### Task goal
Could you copy exactly the lines below, beginning at the line with "In the living" and stopping after the line with "2019-2020年,清廢行", with no pictures?
*** Opening of Exercise materials ***
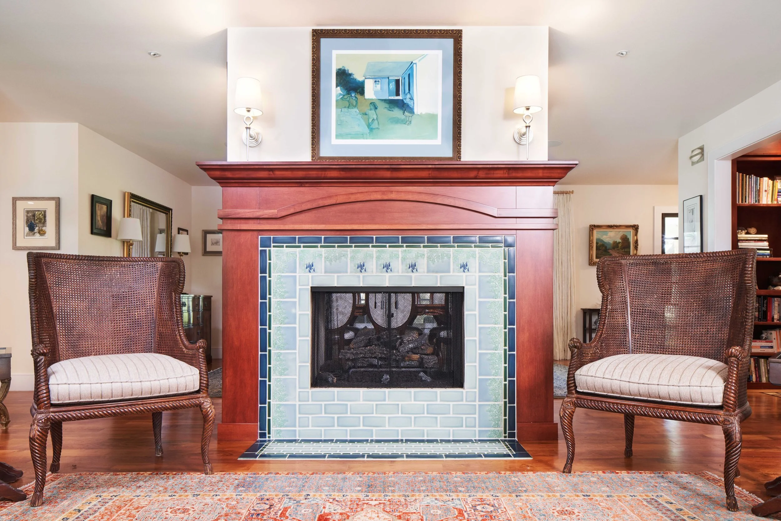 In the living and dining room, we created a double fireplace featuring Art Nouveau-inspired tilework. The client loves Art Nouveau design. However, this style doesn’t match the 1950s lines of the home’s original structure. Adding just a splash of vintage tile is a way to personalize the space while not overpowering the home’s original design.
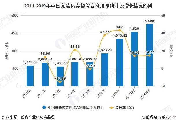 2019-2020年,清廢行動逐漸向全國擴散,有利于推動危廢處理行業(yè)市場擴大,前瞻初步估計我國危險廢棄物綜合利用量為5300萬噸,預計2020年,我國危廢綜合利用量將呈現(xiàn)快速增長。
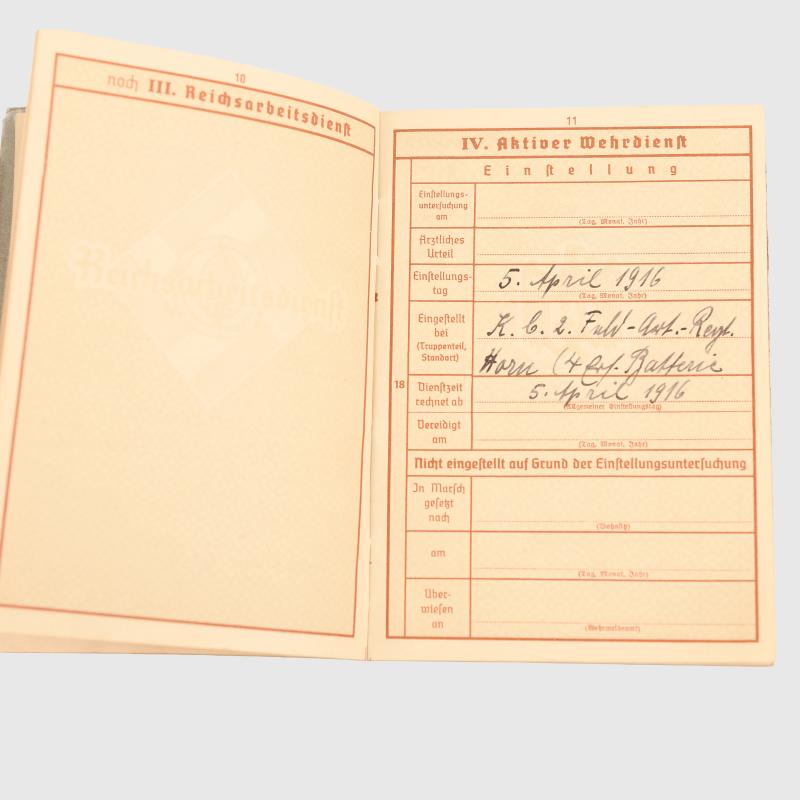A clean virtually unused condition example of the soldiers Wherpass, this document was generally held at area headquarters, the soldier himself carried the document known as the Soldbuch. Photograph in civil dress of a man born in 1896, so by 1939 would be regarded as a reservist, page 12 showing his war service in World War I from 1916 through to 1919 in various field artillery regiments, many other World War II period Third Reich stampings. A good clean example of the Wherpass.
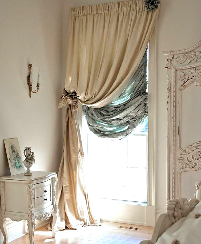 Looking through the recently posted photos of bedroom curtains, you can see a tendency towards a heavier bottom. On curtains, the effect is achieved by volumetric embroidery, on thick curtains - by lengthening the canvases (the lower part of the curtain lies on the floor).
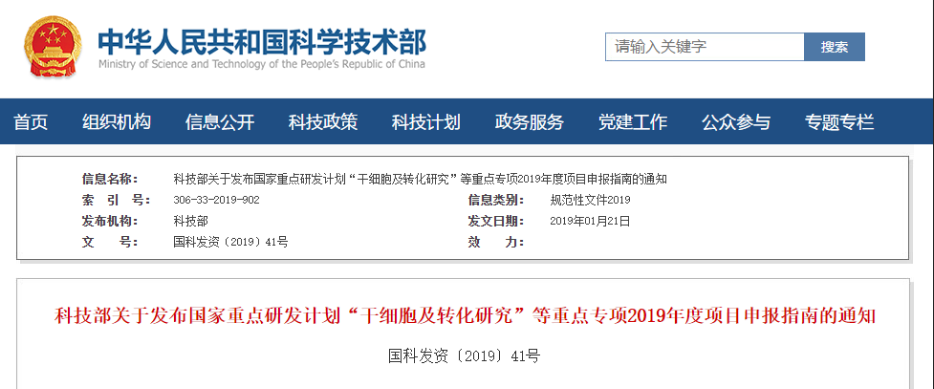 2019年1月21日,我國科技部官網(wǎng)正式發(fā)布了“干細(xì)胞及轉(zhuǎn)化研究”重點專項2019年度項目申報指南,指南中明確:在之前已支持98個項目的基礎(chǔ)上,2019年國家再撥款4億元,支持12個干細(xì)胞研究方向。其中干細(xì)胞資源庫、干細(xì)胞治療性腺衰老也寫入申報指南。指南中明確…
*** Close of Exercise materials ***
*** Opening of Exercise materials ***
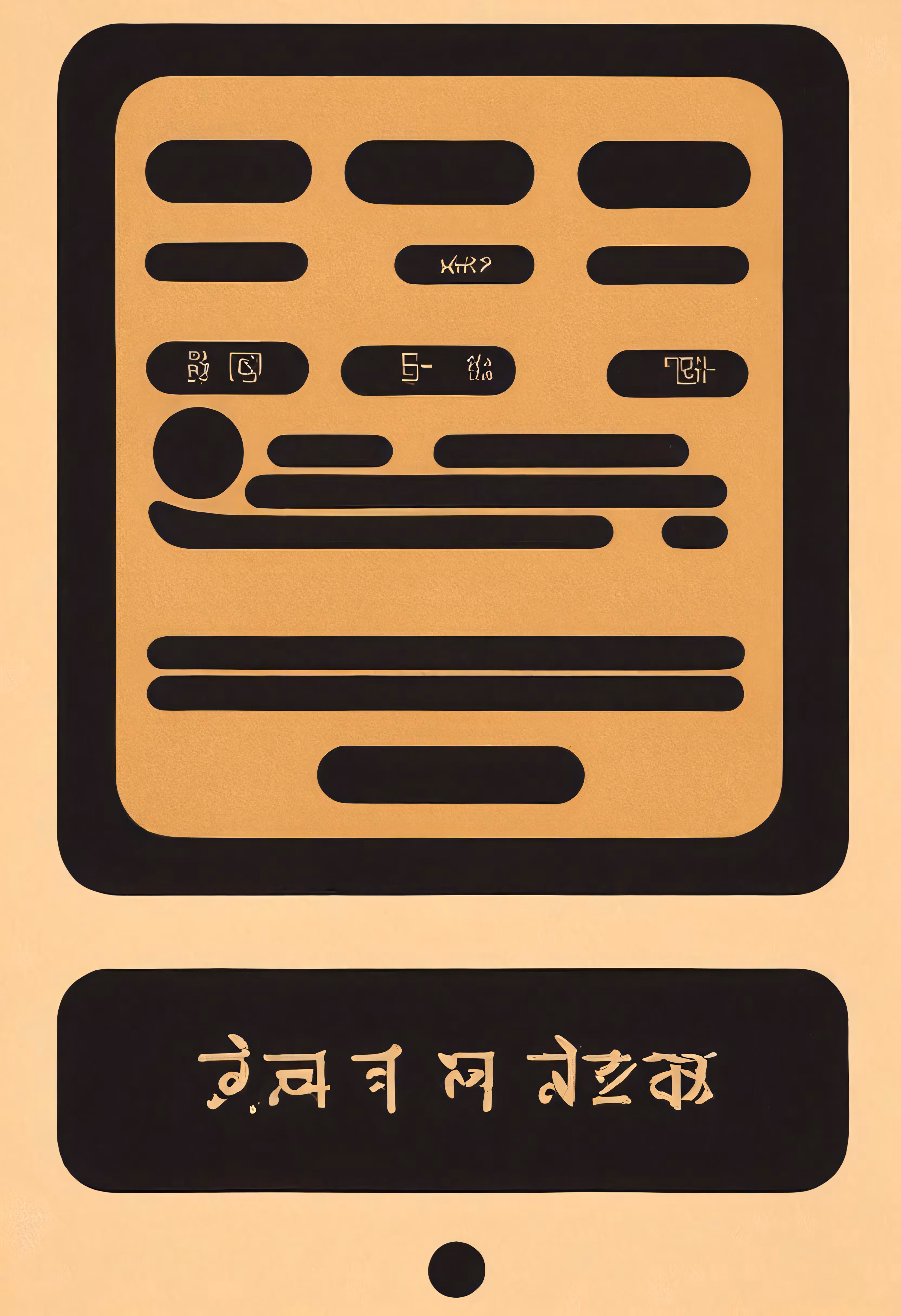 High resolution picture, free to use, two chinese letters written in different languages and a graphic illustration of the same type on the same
*** Close of Exercise materials ***
*** Opening of Exercise materials ***
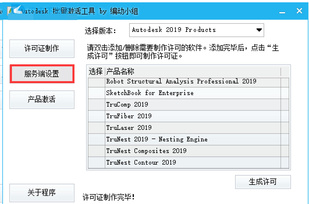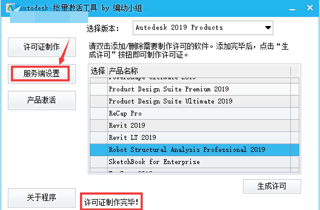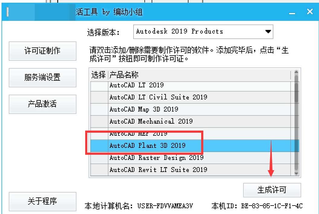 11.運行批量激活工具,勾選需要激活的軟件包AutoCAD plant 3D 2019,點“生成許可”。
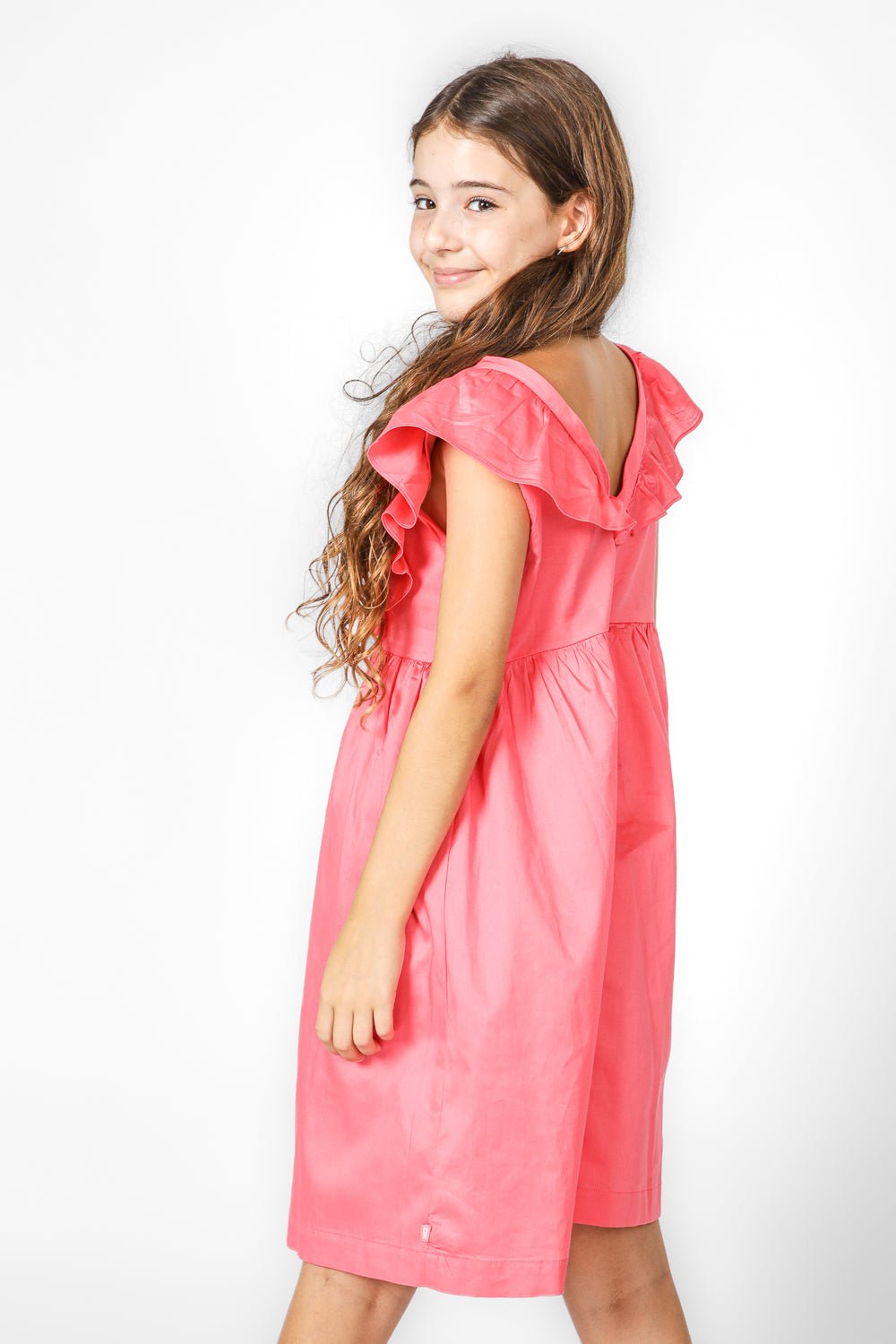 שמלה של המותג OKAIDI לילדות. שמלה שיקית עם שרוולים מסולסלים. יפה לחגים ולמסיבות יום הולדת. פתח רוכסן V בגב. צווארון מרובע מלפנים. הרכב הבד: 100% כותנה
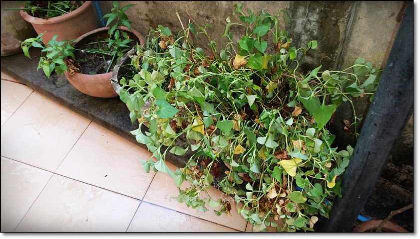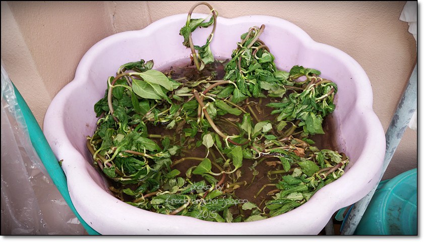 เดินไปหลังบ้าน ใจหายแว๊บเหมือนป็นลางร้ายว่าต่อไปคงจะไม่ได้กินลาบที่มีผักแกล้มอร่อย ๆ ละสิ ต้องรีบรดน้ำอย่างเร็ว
*** Close of Exercise materials ***
### Solution
 In the living and dining room, we created a double fireplace featuring Art Nouveau-inspired tilework. The client loves Art Nouveau design. However, this style doesn’t match the 1950s lines of the home’s original structure. Adding just a splash of vintage tile is a way to personalize the space while not overpowering the home’s original design.
 2019-2020年,清廢行動逐漸向全國擴散,有利于推動危廢處理行業(yè)市場擴大,前瞻初步估計我國危險廢棄物綜合利用量為5300萬噸,預計2020年,我國危廢綜合利用量將呈現(xiàn)快速增長。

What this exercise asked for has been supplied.